Vorteile gegenüber Batterie
Eine weitere Frage stellt sich dahingehend, warum man sich mit Schwungradspeichern trotz scheinbar schlechterer Leistungsparameter im Vergleich mit chemischen Batterien auseinandersetzt? Buchroithner klärt auf: „Da ist einmal die Zyklenfestigkeit (Lebensdauer): Eine Batterie degradiert chemisch, wenn sie belastet wird, aber auch wenn sie kalendarisch altert.“ Bei einem Schwungradspeicher habe man „quasi keinen Verschleiß“, so Buchroithner: „Werden mechanische Wälzlager eingesetzt, dann müssen hin und wieder das Schmiermittel und die Lager getauscht werden.
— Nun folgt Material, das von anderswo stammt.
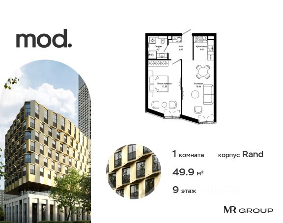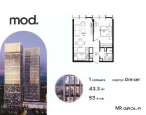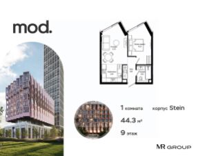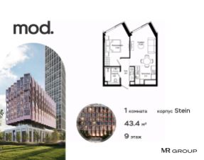 Прямая продажа от застройщика. Продается 1-комнатная квартира общей площадью 41.19 м² с предчистовой отделкой в ЖК премиум-класса Mod на 19-м этаже 44 этажного дома. Mod - жилой комплекс премиум-класса в историческом районе Москвы Марьина Роща. Пятый корпус станет частью единого высотного ансамбля, который поднимается над столицей и очерчивает новый горизонт города. Расположение корпуса Mod.C отличается тем, что виды на юго-запад Москвы не ограничены существующей застройкой. Почти все главные доминанты столицы — как на ладони: от сталинских высоток до небоскрёбов делового центра. Любоваться достопримечательностями будет вдвойне приятнее через панорамные окна. Закрытая территория жилого комплекса, продуманное благоустройство, эксплуатируемые кровли стилобата, образовательный центр с детским садом создают приватное пространство для тихой семейной жизни, а городская площадь с фонтанами, ресторан, супермаркет, коммерческая инфраструктура на первых этажах привносят созвучную с ритмом города динамику. Преимущества проекта: - В шаговой доступности новый деловой кластер Москвы - Выразительная авторская архитектура - Единственные в Москве фасады башен из натурального камня - Панорамное остекление и высота потолков до 4,8 м - Квартиры и апартаменты с отделкой MR Base - Многоуровневое благоустройство с зонированием на закрытой территории - Многофункциональный образовательный детский центр с детским садом - Двухуровневый подземный паркинг Транспортная доступность: - 5 минут пешком до станции метро "Марьина Роща" - 3 минуты до ТТК - 15 минут до Цветного бульвара Компания MR Group предлагает своим клиентам специальные условия приобретения квартир в рамках программ ипотечного кредитования от банков-партнеров.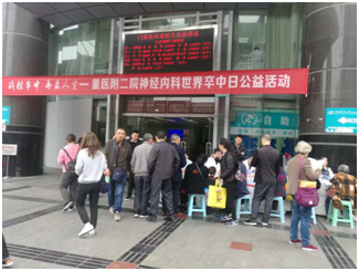 在第十三个世界卒中日到来之际,为切实提高人民群众脑卒中防治基础知识,倡导健康的生活方式,践行重医附二院百年宽仁“克宽克仁,彰信兆民”的院训。神经内科在主任陈阳美教授的倡导下,于2018年10月29日上午在“一院两区”开展“世界卒中日”健康科普公益活动。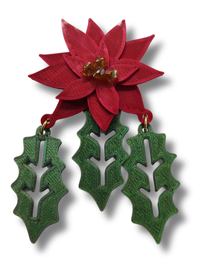 Celebra la magia de la temporada con los pendientes largos "Scarlet", inspirados en la icónica flor de pascua. Esta pieza única fusiona la tradición navideña con un diseño moderno y sostenible, destacando la belleza en cada detalle.
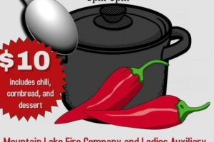 Homemade Chili Dinner! Includes chili, corn bread and dessert. $10/dinner, takeout only. Pre orders required; call 908-475-9259. Please support this last Ladies Auxiliaries fundraiser of the year.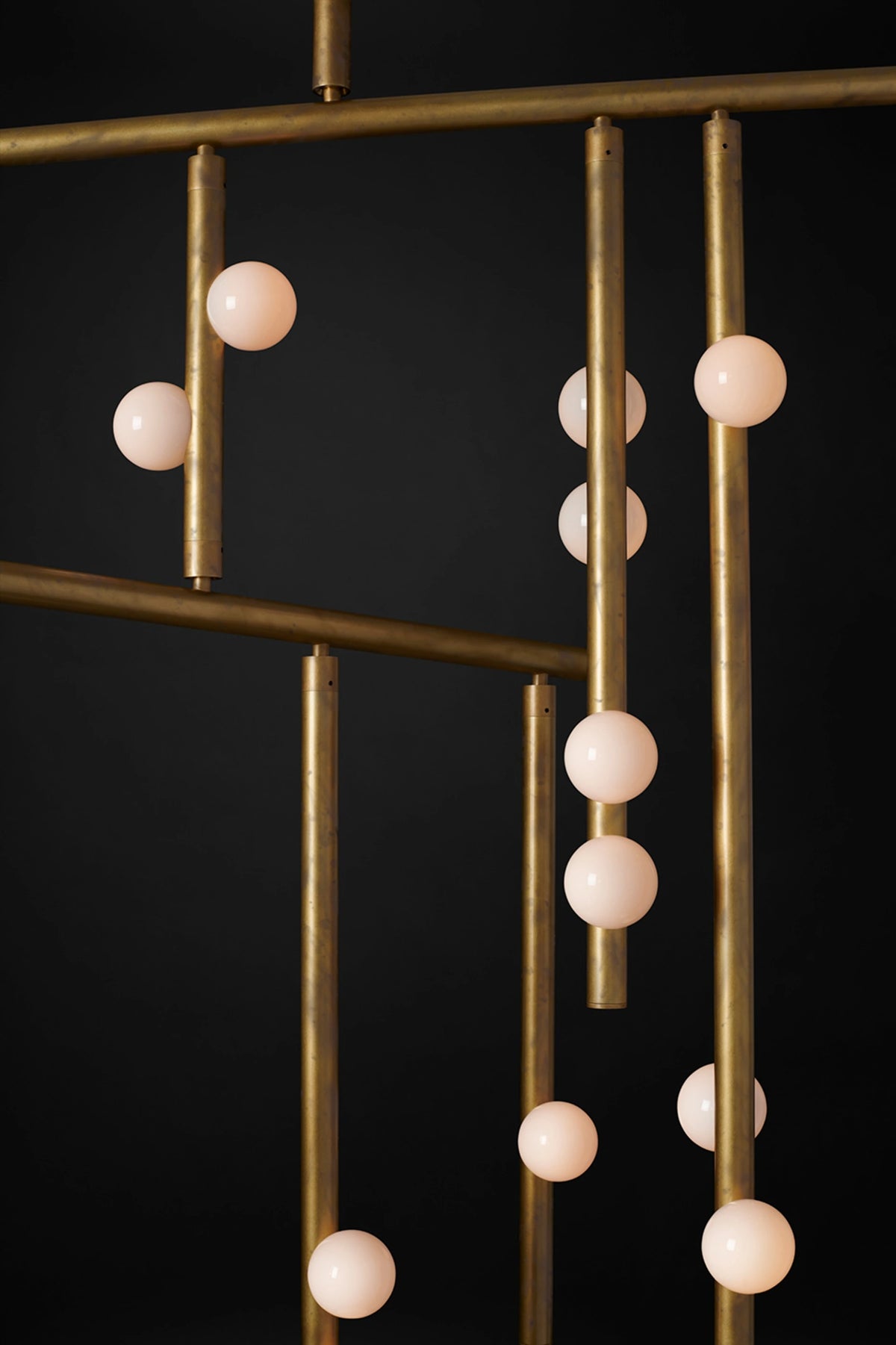 - Imagine a constellation of light, captured not in the sky, but within a framework of exquisite brass tubing. Each rod is a deliberate stroke in an abstract drawing, yet none are static. Our signature engineered joint invites the gentle, persistent force of gravity to become part of the design. With a subtle nudge of air or a soft touch, the entire composition responds, each tube dipping and dangling into a new, gracefully asymmetric arrangement. It is a living sculpture, its form forever fluid and evolving.

Handelt es sich um berührungslose Magnetlager, ist der Speicher eigentlich wartungsfrei. Somit haben wir dann eine einige Zehnerpotenzen höhere Lebensdauer als bei chemischen Batterien“, so Buchroithner.
Der Wissenschafter weiter: „Wenn wir eine über die Lebensdauer umgesetzte Energiemenge ermitteln, wird ein Schwungrad mehr Energie umsetzen als eine Batterie.“ Für Buchroithner ist das eine charmante Eigenschaft, vor allem, „wenn man bedenkt, dass alle paar Sekunden eine ‚kleine‘ Schwankung im Netz erfolgt, weil sich etwa ein Supercharger an einer Teslatankstelle dazu schaltet, dann wird diese durch einen Schwungradspeicher gut ausgeglichen.“ Das resultiere in hohen Lade- und Entladezyklen. Da habe der Schwungradspeicher entsprechende Vorteile. Außerdem gehe es auch um Ressourcen (Lithium, seltene Erden,…), die für den Bau von Batterien gebraucht werden. Dabei sei man weitestgehend von außereuropäischen Zulieferern abhängig.